Melissa McCarthy’s career as an actress has had an interesting trajectory since her supporting turn in the 2011 blockbuster comedy Bridesmaids. That film made her the go-to actress for comedy roles of a certain type. As a general rule what has happened since then is that McCarthy will turn up in a comedic vehicle that succeeds well enough (The Heat and Spy) followed by one that doesn’t work at all. The projects she’s chosen to participate in that don’t seem to work (Tammy and The Boss) have one common factor and that would be the presence of her hubby, Ben Falcone, behind the camera. Falcone is a decent enough acting presence in the films he’s turned up in over the last several years (Enough Said, Bad Words) but as a director his instincts are tone deaf at best.
I mention all of this simply because McCarthy’s latest effort, Life of the Party, is also helmed by Falcone. I won’t go so far as to suggest that it’s as bad as the two previous Falcone-McCarthy teamings as it would be quite a feat to reach the lows that were achieved with the 2016 film The Boss and the previous effort, Tammy. Still, no one is going to confuse Life of the Party with the 1986 comedy classic Back to School, a film that it liberally borrows its plot from, anytime soon.
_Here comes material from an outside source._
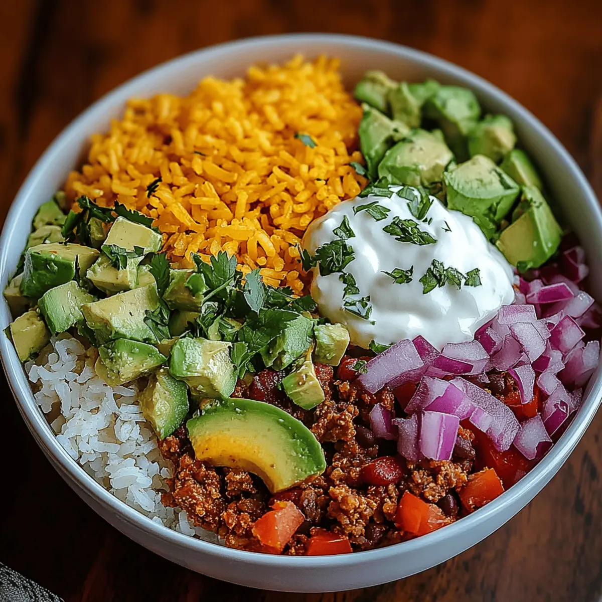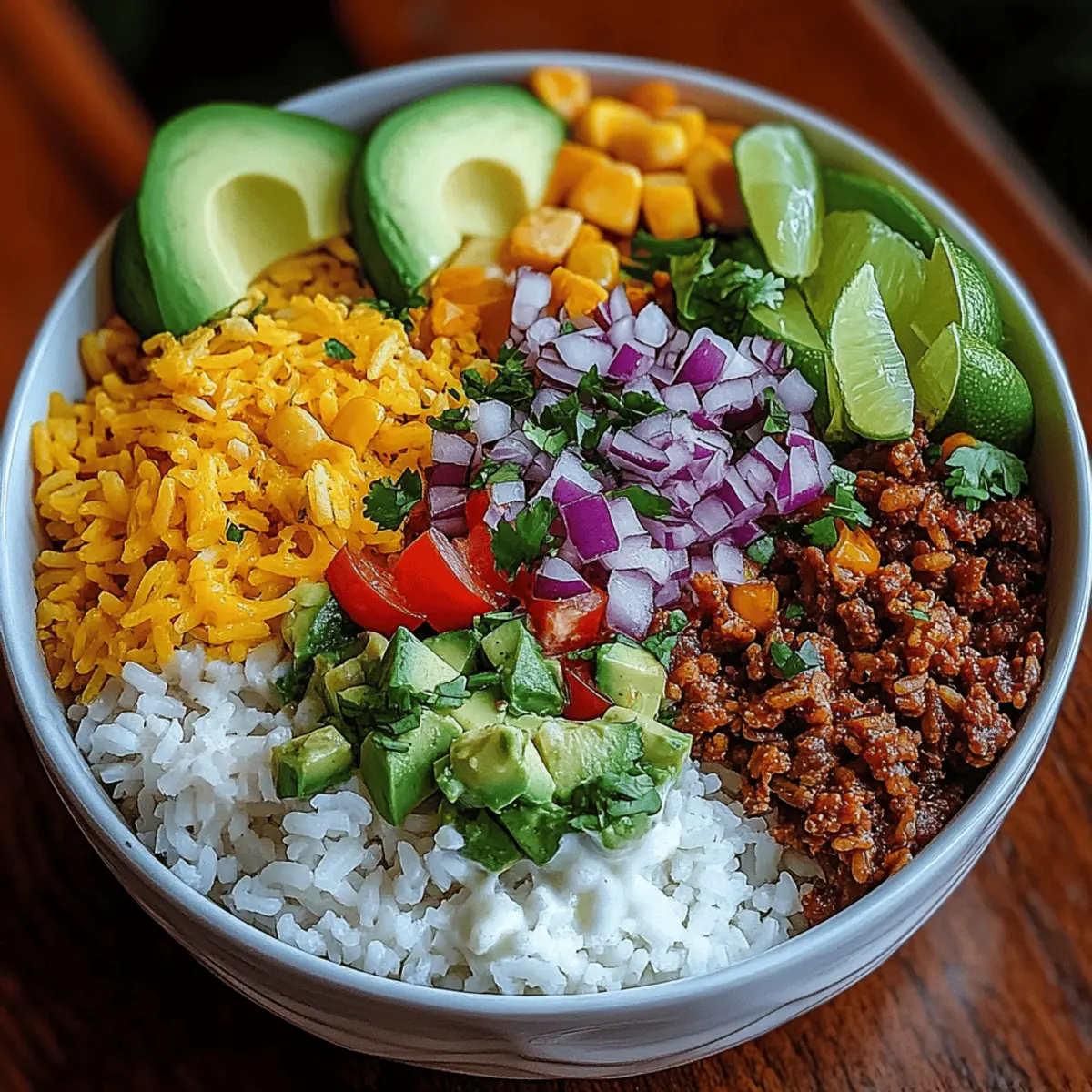 Who knew that a simple dish could evoke such warmth and nostalgia? My Taco Rice Bowl brings back the joyous family dinners and vibrant flavors of my childhood, while easily transforming into a modern, quick meal for today’s busy lifestyles. This satisfying bowl combines a savory blend of seasoned ground meat and fresh veggies, all atop fluffy rice—making it a perfect comfort food that's both crowd-pleasing and versatile. In just 35 minutes, you can enjoy a wholesome meal that’s as easy as it is delicious. Whether you're looking for a fun weeknight dinner idea or a nourishing lunch, this Taco Rice Bowl is here to save the day! What toppings will you choose to elevate your bowl?

This is a generic PG-13 comedy that never rises above its sitcom level aspirations. It’s tolerable but that’s about the best that can be said about it. Anyone experiencing guffaws while watching it probably has missed a lot of the great screen comedies of the last fifty years. That would be the only logical explanation as to why anyone might actually find it funny.
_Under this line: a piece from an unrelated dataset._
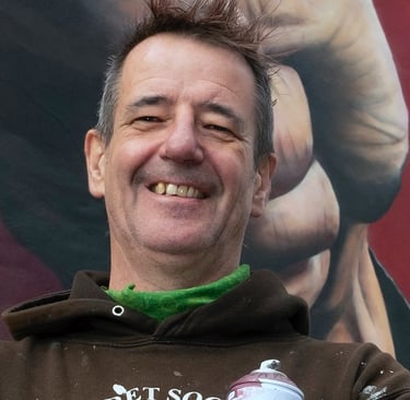 Since then, I have taught myself to paint freehand with spray, masonry, household emulsion and mural paints and have worked for the likes of Sky Arts, Arsenal FC and The Royal International Air Tattoo. I have also run The Cheltenham Paint Festival for 10 years; an international renowned festival that draws 150 artists from around the world to paint murals in my hometown

McCarthy stars as Deanna, a dutiful housewife who’s suffering from empty nest syndrome. Just as she’s plotting the next step in her life, her hubby Dan (Matt Walsh) lowers the boom by both asking for a divorce and confessing his love for another woman. It’s at this point that McCarthy’s character begins to question her choices in life and decides to go and accomplish something she never got around to doing, which is to finish college. The plot complications start multiplying when Deanna shows up on campus, forging bonds with her daughter’s friends and romancing one of her daughter’s fellow classmates. If this sounds like the stuff that successful sitcoms are made from you’d be on the nose in your assessment. Unfortunately great screen comedies take a bit more effort.
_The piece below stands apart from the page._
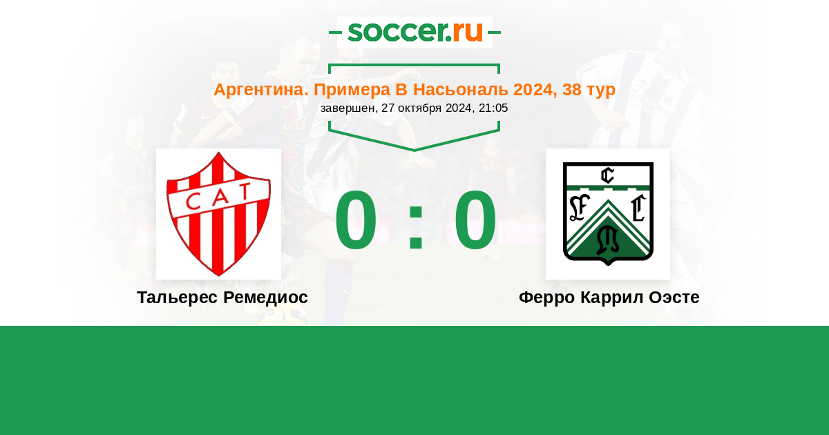 Протокол матча Тальерес Ремедиос против Ферро Каррил Оэсте

The basic problem with Life of the Party is that it’s just so trite and predictable. Plot points are telegraphed way in advance and the humor only managed to elicit a few chuckles and nonreal laughs from yours truly. Falcone may have improved a wee bit with this one but that’s not saying much. I’m thinking that McCarthy might want to keep it out of the family for a while based on the results I’m seeing.
Life of the Party opens Friday in Hickory.